The result should be an exact copy of only the lines from the one holding "推荐提示词:电影场景,破旧的" through the last line of the data below, please, without pictures.

=== Exercise data ===
+ + + + +
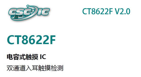 CT8622F 是一款電容式入耳檢測和觸摸二合一芯片。采用CMOS 工藝制造,內建穩壓和去抖動電路,高可靠性,專為取代光感和傳統按鍵開關而設計。超低功耗與寬工作電...
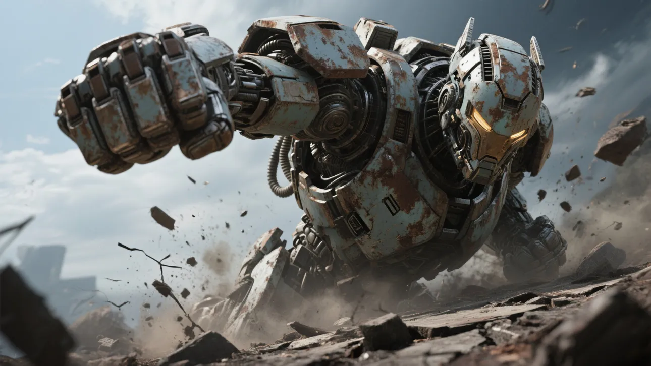 推荐提示词:电影场景,破旧的机甲拳头高高地扬起,然后重重地砸向地面,碎石快速飞溅,镜头快速摇晃
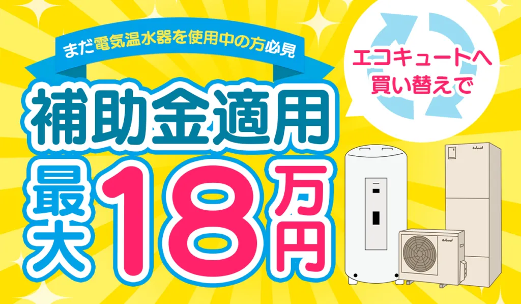 【2024年度版】電気温水器からエコキュートへの買い替えで補助金適用最大18万円適用!
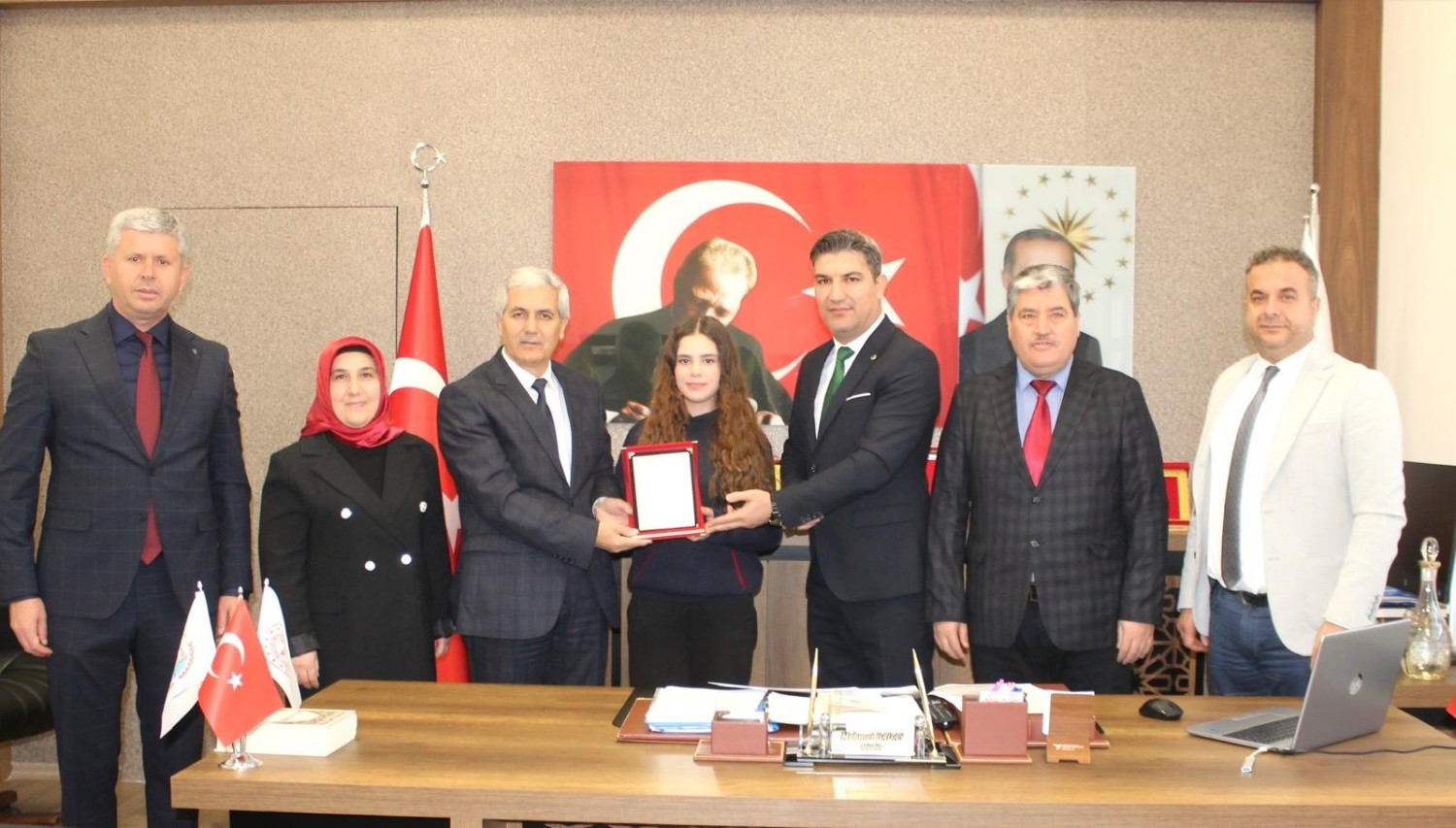 Türkiye genelindeki yarışmada dereceye giren öğrenci, ilçe protokolü ve vakıf yetkilileri tarafından tebrik edildi.
+ + + + +
=== Solution ===
 推荐提示词:电影场景,破旧的机甲拳头高高地扬起,然后重重地砸向地面,碎石快速飞溅,镜头快速摇晃
 【2024年度版】電気温水器からエコキュートへの買い替えで補助金適用最大18万円適用!
 Türkiye genelindeki yarışmada dereceye giren öğrenci, ilçe protokolü ve vakıf yetkilileri tarafından tebrik edildi.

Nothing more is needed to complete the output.